The application of these findings may go beyond the therapeutic treatment of pathological pain.
“Both NRG1 and ErbB4 are at risk for many brain disorders, including major depression and schizophrenia,” Mei said.
“Further studies are warranted to show whether the mechanism of heat pain and pathological pain also play a role in different types of pain experienced by those with brain disorders.”
About this pain research news
Author: Press Office Source: Case Western ReserveContact: Press Office – Case Western ReserveImage: Image is credited to researchers
See also
Original search: closed access. “A new connection of spinal neurons for the sensation of heat” by Hongsheng Wang et al. Neuron
Summary
A new connection of spinal neurons for the sensation of heat
Highlights
- ErbB4 + spinal neurons are activated by heat and synapsed by TRPV1 + nociceptors
- The sensation of heat is reduced by the ablation or inhibition of the neuron ErbB4 +
- Increased effect on heat sensation by inhibiting ErbB4 +, SST + and CCK + neurons together
- NRG1-ErbB4 signaling promotes heat sensation and hypersensitivity
Summary
The perception of heat allows for acute avoidance responses to prevent tissue damage and maintain body thermal homeostasis. Unlike other modalities, it is not clear how heat signals are processed in the spinal cord.
Using the unicellular gene profile, we identified ErbB4, a transmembrane tyrosine kinase, as a novel marker of heat-sensitive spinal neurons in mice. Ablation of the ErbB4 + neurons in the spine attenuates the sensation of heat.
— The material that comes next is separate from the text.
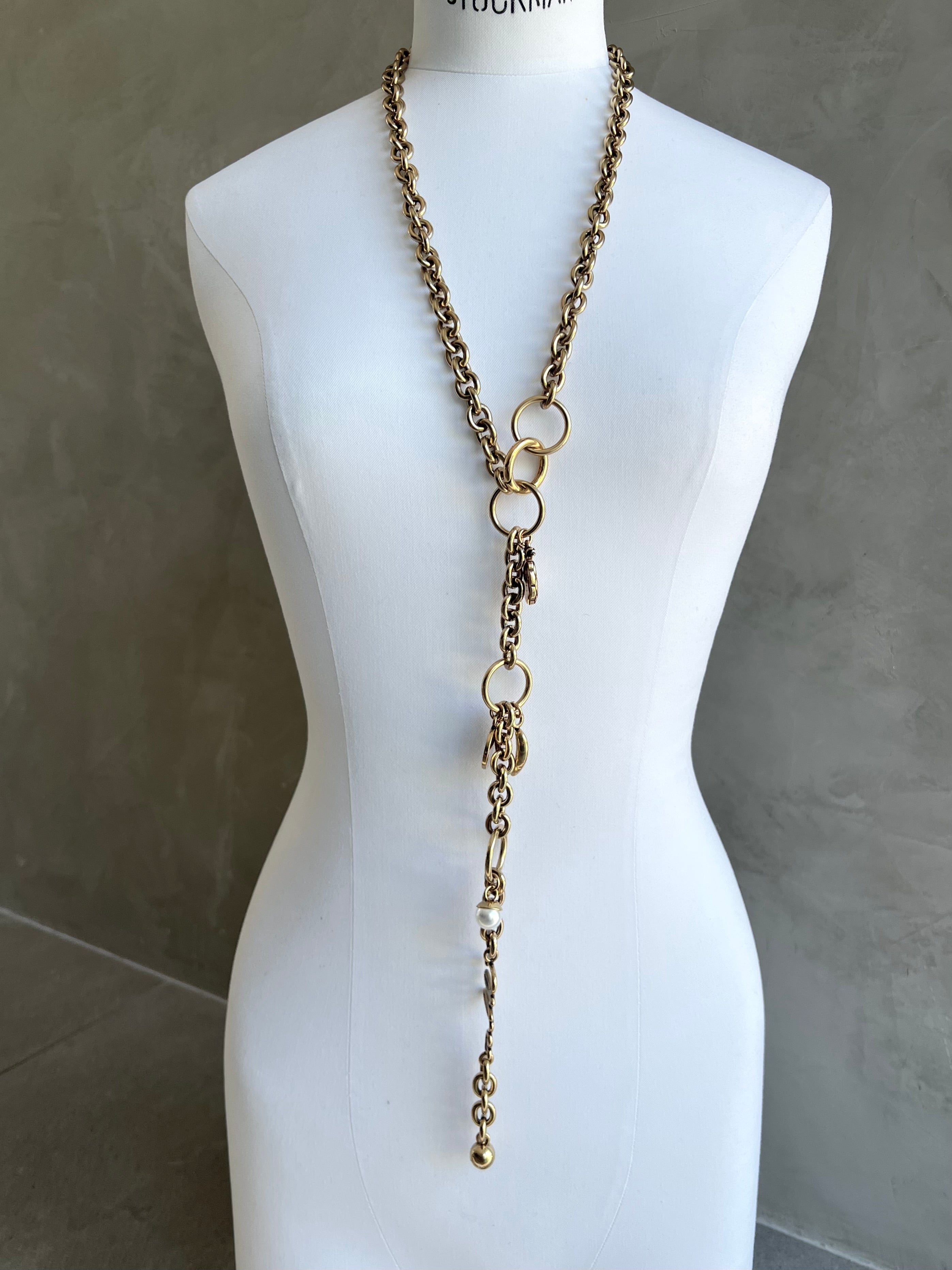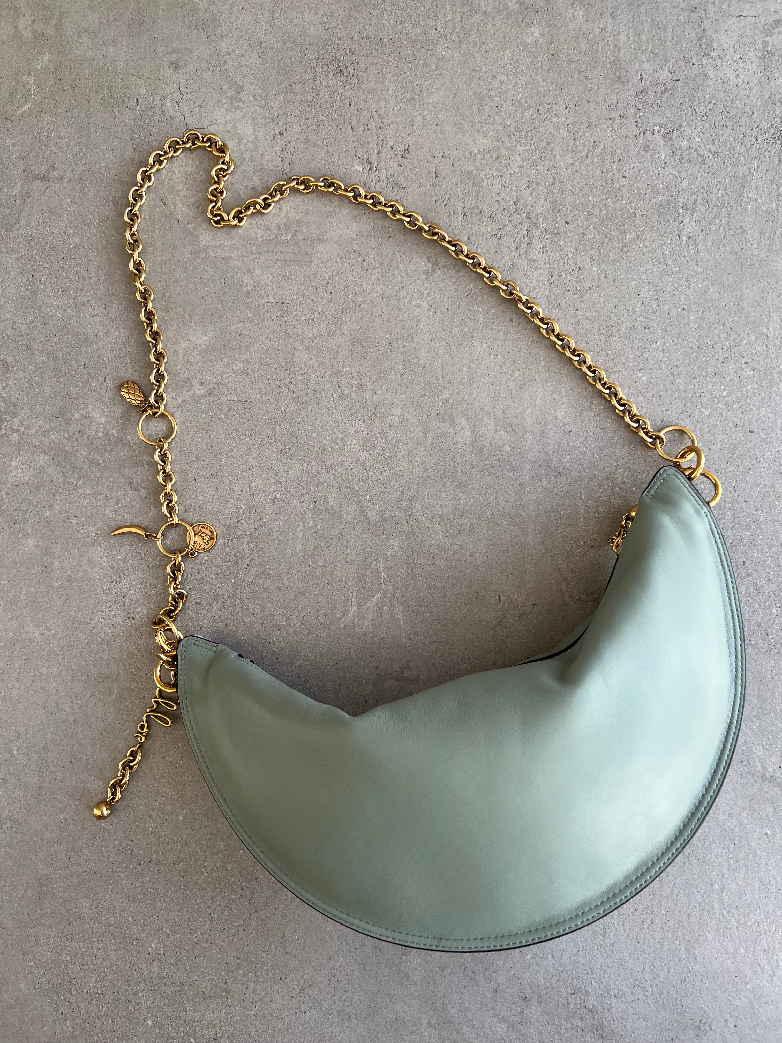 Carry on the shoulder or crossbody, or play with the various rings and hooks on the chain to explore your own way of wearing the bag.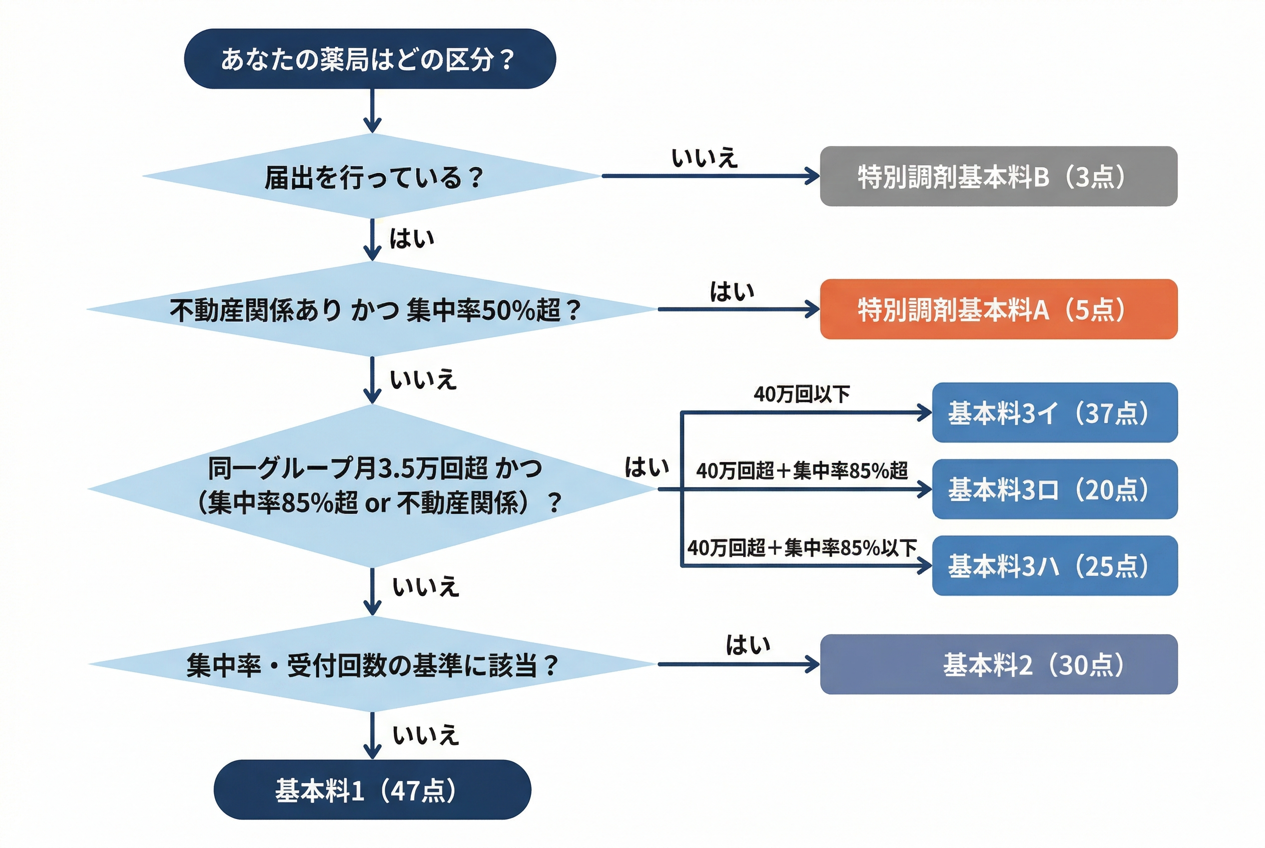 調剤基本料2・3および特別調剤基本料Aのいずれにも該当しない薬局が対象です。つまり、特別な要件に当てはまらない一般的な薬局は、最も高い47点を算定できます。

These neurons receive monosynaptic inputs from TRPV1 + nociceptors and form excitatory synapses in target neurons. Activation of ErbB4 + neurons improves the heat response, while inhibition reduces the heat response.
We demonstrated that heat sensation is regulated by NRG1, an ErbB4 activator, and involves dynamic tyrosine kinase activity that promotes glutamatergic transmission.
Evidence indicates that NRG1-ErbB4 signaling is also implicated in the hypersensitivity of pathological pain.
Taken together, these results identify a spinal neuron connection formed by ErbB4 + neurons for heat sensation and reveal a regulatory mechanism by NRG1-ErbB4 signaling.